Pero la cosa tenía inconvenientes. Algunos ya se habían notado: el descubrimiento de nuevos yacimientos de oro suponía un cambio automático en las reservas, en el precio del metal y por tanto en el precio de las divisas. El principal inconveniente apareció, sin embargo, con la Primera Guerra Mundial. Los países en conflicto tuvieron que endeudarse para pagar el gasto bélico, y en 1919 el panorama era un desbarajuste. El Reino Unido no tenía oro suficiente para respaldar su moneda; Estados Unidos, en cambio, tenía demasiado. Aun así, Churchill decidió reimplantar el patrón oro, fijando la onza a 3 libras y 17 chelines. Con trampa, porque el billete solo era canjeable por metal en teoría: si todo el mundo hubiera acudido a la ventanilla del Banco de Inglaterra, no habría habido, ni de lejos, oro suficiente.
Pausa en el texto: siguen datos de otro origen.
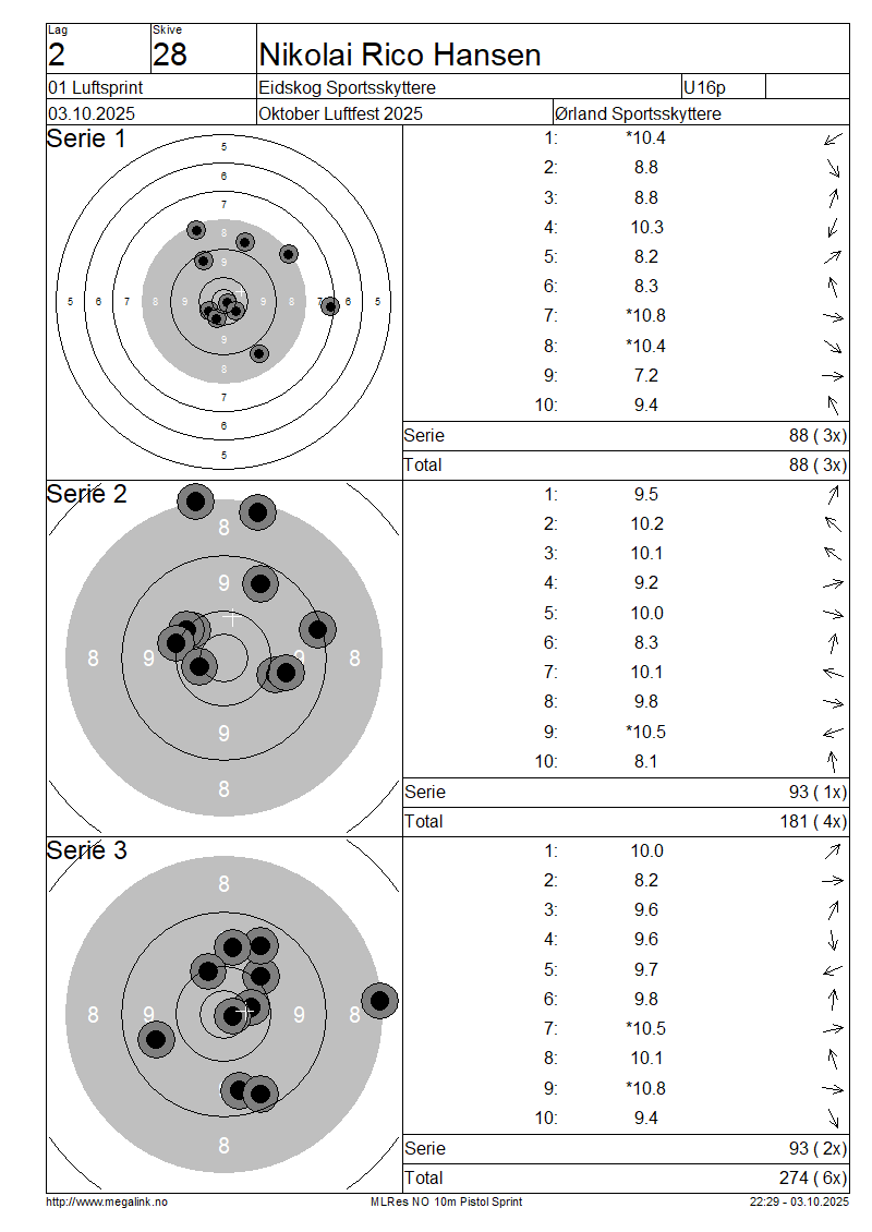 | 28 | 8 | RICO HANSEN Nikolai | Eidskog Sportsskyttere | U16p | 88 | 93 | 93 | 274- 6x | |||||||||||||||||||||||||||||||||||||||||

El dinero, por tanto, ya era fiduciario. O sea, una cuestión de fe. La libra esterlina “valía” tal cantidad de oro, pero ese oro no existía. Había que creer en el valor intrínseco de un papel porque lo respaldaba un Estado y podía cambiarse por bienes o por otros papeles emitidos en el extranjero. El patrón oro, además, se había convertido en un corsé para el crecimiento (la economía se expande más rápido que la extracción de oro y los yacimientos son limitados) y en un simulacro de sí mismo: como no había oro para todos, cada vez más países decidieron apoyar sus monedas en otras monedas, llamadas “de reserva”, que contaban aún con importantes montones de lingotes en sus cámaras acorazadas. Es decir, la peseta fijaba su cambio en libras, que a su vez fijaba su cambio en oro.

La hiperinflación (Alemania) y luego las megadeudas contraídas durante la Segunda Guerra Mundial acabaron de quebrar el sistema, que en la Gran Depresión ya había mostrado sus límites.

Los acuerdos de Bretton Woods, en 1944, fundaron el Banco Mundial y el Fondo Monetario Internacional  (FMI) para establecer un sistema de equivalencias entre divisas basado en el dólar, moneda de referencia que aún se suponía más o menos respaldada por lingotes.

La guerra de Vietnam disparó las deudas de Estados Unidos y el entonces presidente del país, Richard Nixon, tomó una doble decisión: pasar del oro y fabricar billetes a ritmo industrial. 

Ahí terminó el patrón oro, y comenzó un lío del que hablaremos otro día.